Die Antwort ploppte kurz darauf auf. Mir kugelten fast die Augen aus dem Kopf. Das silberne, fast hypnotisch rotierende Alben-Emblem auf dem Schirm benutzte nur der Chef! Ich spürte, wie sich mein Magen verkrampfte. Wenn der Chef sich persönlich einschaltete, bedeutete das meist Ärger. Da hörte ich auch schon seine Stimme, melodiös und kalt zugleich.

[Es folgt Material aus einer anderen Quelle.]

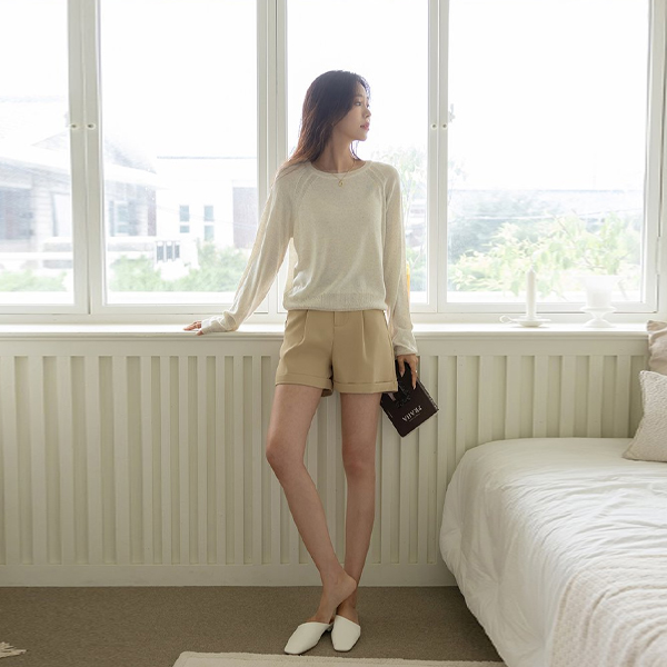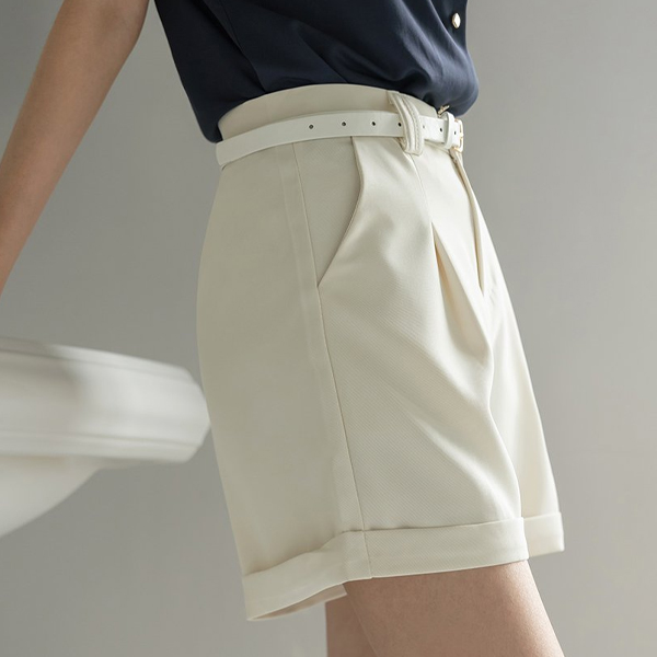 ロールアップ スタイル デーリー ムード ハーフ パンツ (ベルトSET)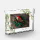 Greenery branches with red berries highlight favourite photo on this acrylic photo block. Great as a gift or to display your favourite photo in your own home.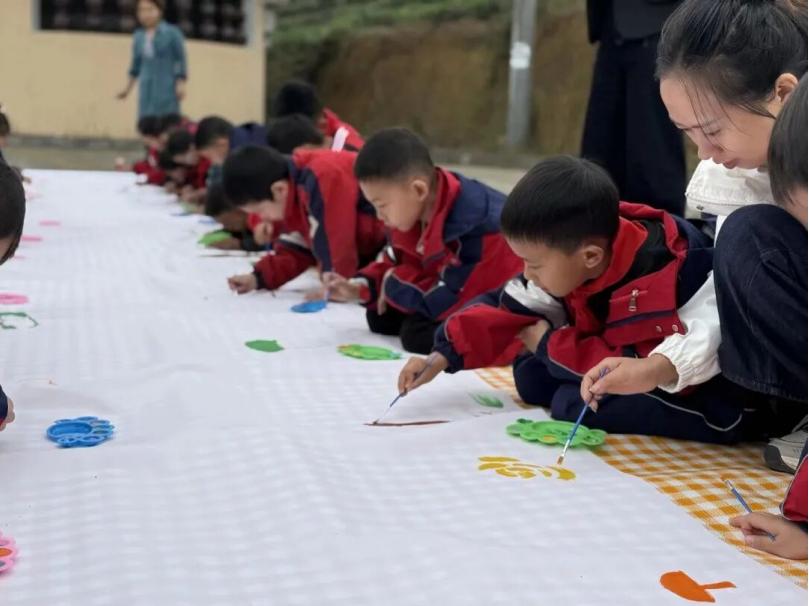 “秋叶寻宝”环节点燃了孩子们的探索热情,一片片形态各异、色彩斑斓的落叶,成为大自然馈赠的“智慧密码”。到达活动场地后,南溪区黄沙镇中心小学校各班以班为单位,在老师的指导下解锁树叶创意画的奥秘——观察叶片纹理、搭配色彩层次、发挥奇思妙想,将秋日灵感转化为生动的艺术作品。这场户外实践,不仅锻炼了孩子们的观察力与动手能力,更让他们在自然中学会思考、乐于创造。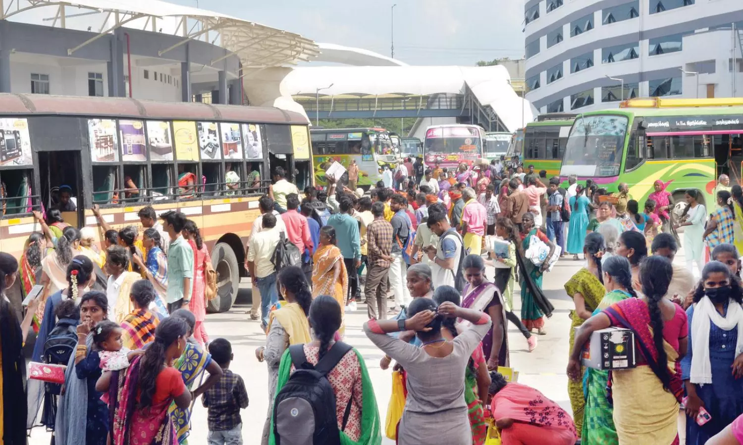 ஸ்மார்ட் சிட்டி பஸ் நிலையத்தில் தரையில் அமரும் பயணிகள்
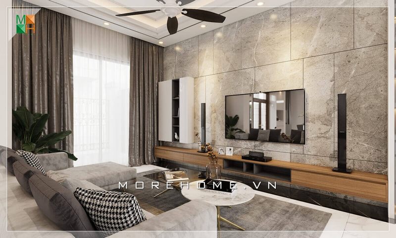 Một phòng khách sang trọng phụ thuộc vào nhiều yếu tố tạo thành trong đó cách bày trí đá ốp vách tivi vân mây tạo điểm nhấn mạnh mẽ sức hút hiện đại cho phòng khách

„Übernehmen. Aber nicht das ganze Team. Es reichen zwei. Schickt die Entbehrlichen los.“
„W…wen?“, stotterte ich.
„Den Werwolf und den Halb-Troll.“
Schon loggte der Chef sich wieder aus.
Ich ballte die Fäuste. „Die Entbehrlichen. Und er hat noch nicht mal ihre Namen genannt. Was glaubt der, wer er ist?“
„Unser Chef und ein Albe alten Adels“, gab Essylt zurück. Ihrem Tonfall nach war sie ebenso sauer wie ich. Und ebenso machtlos.
Ich sah Ryan und Verron betreten an. „Ihr habe es gehört. Ist nicht meine Entscheidung.“
Ryan legte mir kurz die Hand auf die Schulter. Eine warme, beruhigende Berührung, die mich mehr entspannte, als ich zugeben wollte. „Schon okay, Coralee. Wir schaffen das. Die Alben sind nun mal sehr speziell. Komm, Verron, lass uns das Ganze hinter uns bringen.“
Verron grunzte zustimmend und schnallte sich seine Axt auf den Rücken. „Hoffentlich kann ich endlich mal wieder was zertrümmern.“
Die beiden griffen ihre Ausrüstungen und verschwanden. Kurz darauf hörte ich ihre Motorräder aufröhren, bevor der Klang sich im Hintergrund der Chicagoer Straßen verlor.
Ryan war fort. Nur mit Verron als Verstärkung, und der war langsamer im Denken als eine Schnecke. Ich hasste es, wenn das Team getrennt wurde. Aber ich hasste es noch mehr, dass ich mir deswegen Sorgen machte. Seit wann war der Werwolf so wichtig für mich geworden?
Ich sah Essylt an. „Irgendetwas ist da faul. Wieso mischt sich der Chef persönlich ein, wenn dieser Job nur einen Neuling und einen Muskelprotz erfordert?“
„Hm.“ Sie schien nachzudenken. „Ich hab so das Gefühl, da kommt noch mehr. Wir sollten uns lieber etwas ausruhen, solange wir noch eine Chance dazu haben.“
Ausruhen? So sauer wie ich gerade war, würde ich mich ganz bestimmt nicht entspannen können. Außerdem hatte ich noch eine Viertelstunde Spielzeit für heute gut. Vielleicht reichte das ja doch, um das letzte Level zu wiederholen. Ich griff nach dem Gamepad, während Essylt sich in den Nebenraum verkrümelte.
Und noch einmal
Die Notruf-Hotline schrillte.
Ich ließ fast das Gamepad fallen. Der geplante perfekte Treffer schoss ins Nirwana. Die zweite dienstliche Störung an einem Tag! Und wieder kurz vor der Entscheidung für das letzte Level! Das konnte ich jetzt wohl endgültig vergessen. Ich hätte platzen können. Aber da ich nun mal bei F.E.U. arbeitete und sowohl mein alter Fluch als auch ein ausgeklügelter Vertrag mich zur Zusammenarbeit zwangen, nahm ich brav den Hörer ab.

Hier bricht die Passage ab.